=== Information supplied ===
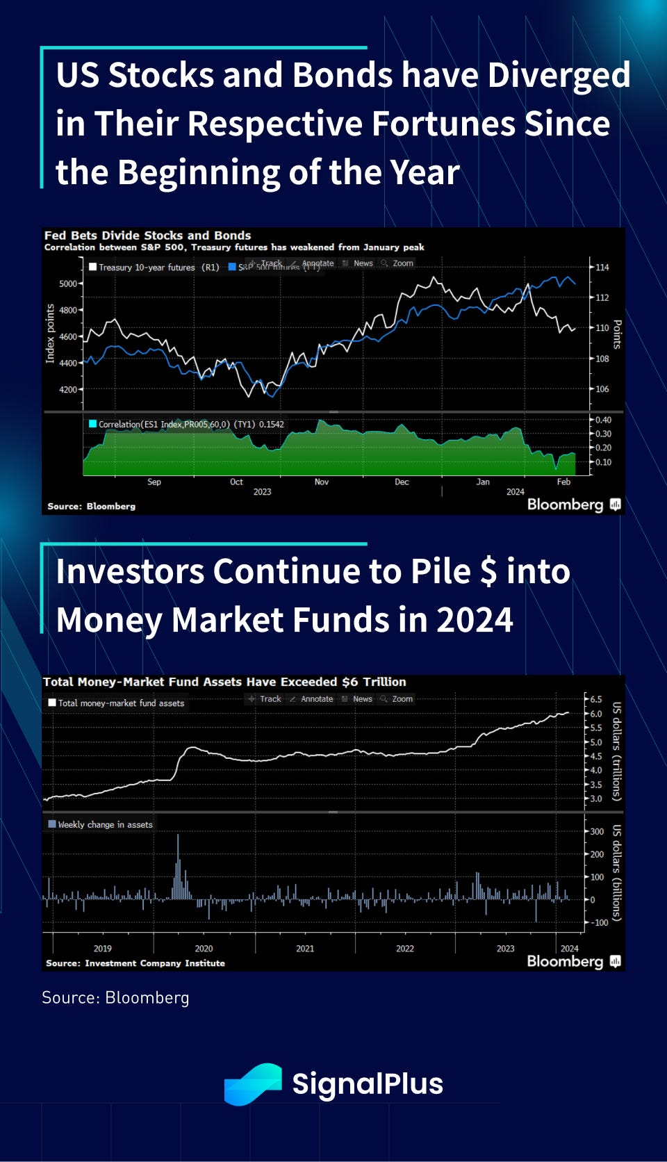 Over in equities, the rolling correlation between bonds and equities has continued to weaken in February, with equity prices staying close to all time highs, while bonds have been battered by a repricing of rate-cut expectations (higher for longer) over the past 6 weeks. Interestingly, as one of the key points we are paying attention to in 2024, investors continue to plow into money market funds with yet another $128 billion added to US money market funds since the start of the year, with total assets now balloning to a massive $6 Trillion — 3x crypto’s total market cap!
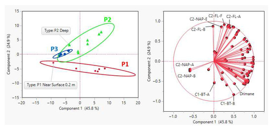 (left) PCA score plot for FFT depth intervals constructed from isomer concentrations and categorized by their respective platforms, with density ellipses representing the 95% confidence interval between clustering groups. Near-surface samples in P1 (range = 0.2 m from FWI) and deepest samples in P2 (range = 3.8 m from FWI) are labelled to illustrate the large separation within their respective platform density ellipses. (right) PCA loading plot for isomers’ influence on principal component separation. C2-NAP-A to B, C2-FL-A, B, F, and C2-NAP-E are labelled to illustrate their distinct characteristic from the rest of the isomers.
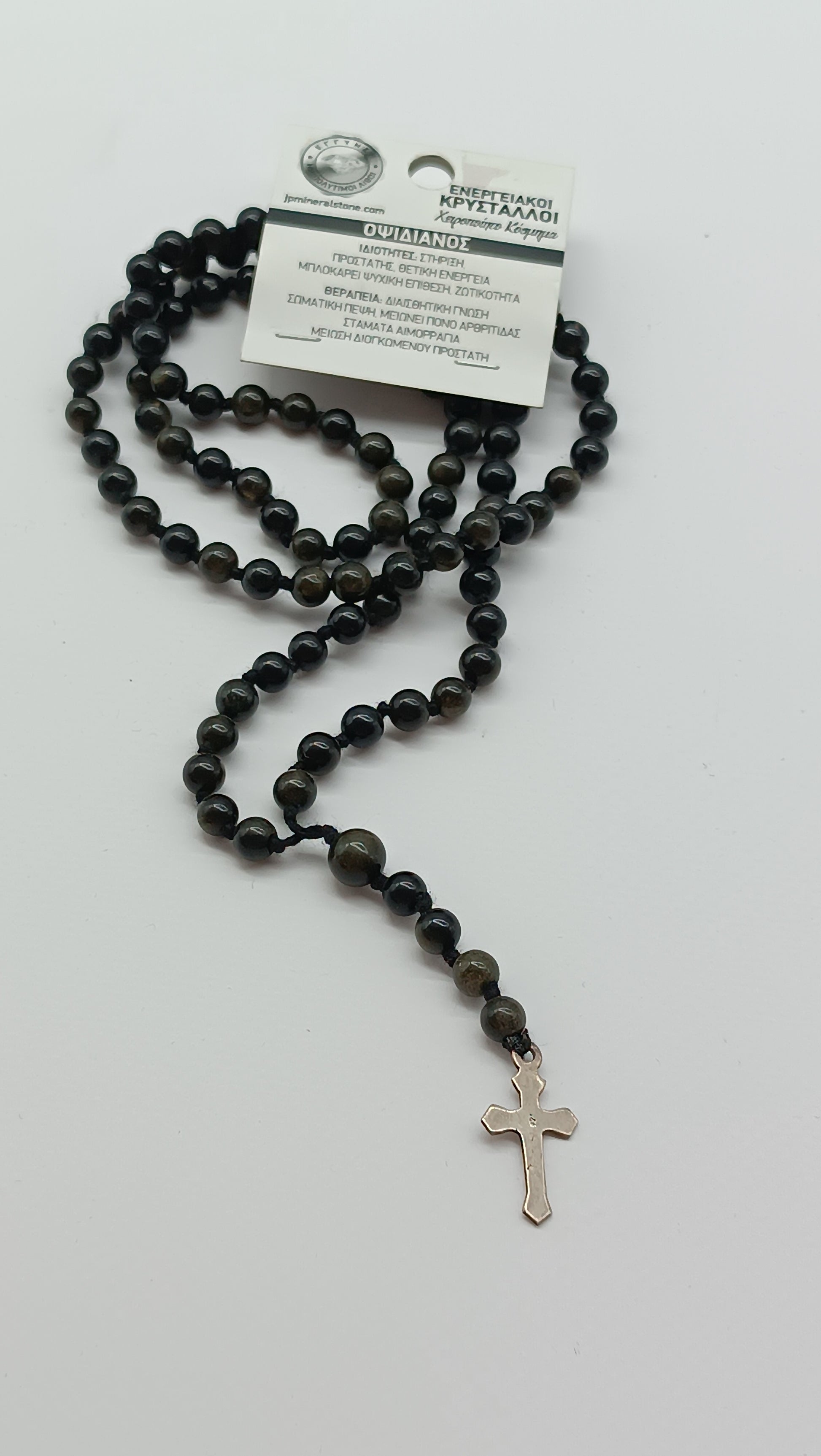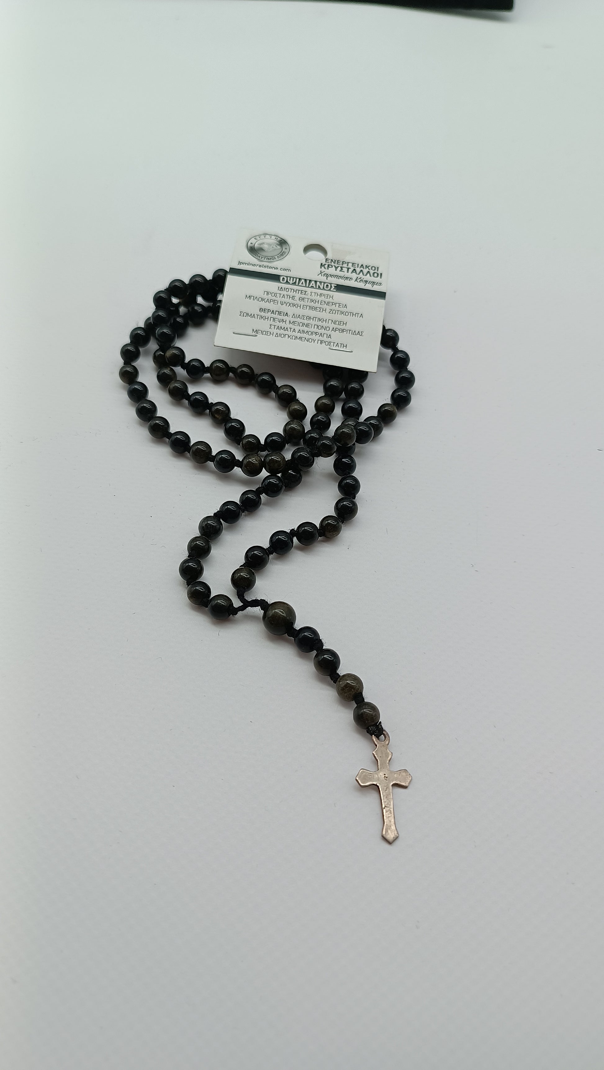 This handmade golden sheen obsidian rosary necklace features deep black gemstones with golden shimmer, carefully linked to form a flowing strand of prayer beads, finished with a shining silver cross.

=== What you are asked to do ===
Skipping any pictures, transcribe the full listing exactly.

=== Result for this task ===
 Over in equities, the rolling correlation between bonds and equities has continued to weaken in February, with equity prices staying close to all time highs, while bonds have been battered by a repricing of rate-cut expectations (higher for longer) over the past 6 weeks. Interestingly, as one of the key points we are paying attention to in 2024, investors continue to plow into money market funds with yet another $128 billion added to US money market funds since the start of the year, with total assets now balloning to a massive $6 Trillion — 3x crypto’s total market cap!
 (left) PCA score plot for FFT depth intervals constructed from isomer concentrations and categorized by their respective platforms, with density ellipses representing the 95% confidence interval between clustering groups. Near-surface samples in P1 (range = 0.2 m from FWI) and deepest samples in P2 (range = 3.8 m from FWI) are labelled to illustrate the large separation within their respective platform density ellipses. (right) PCA loading plot for isomers’ influence on principal component separation. C2-NAP-A to B, C2-FL-A, B, F, and C2-NAP-E are labelled to illustrate their distinct characteristic from the rest of the isomers.
 This handmade golden sheen obsidian rosary necklace features deep black gemstones with golden shimmer, carefully linked to form a flowing strand of prayer beads, finished with a shining silver cross.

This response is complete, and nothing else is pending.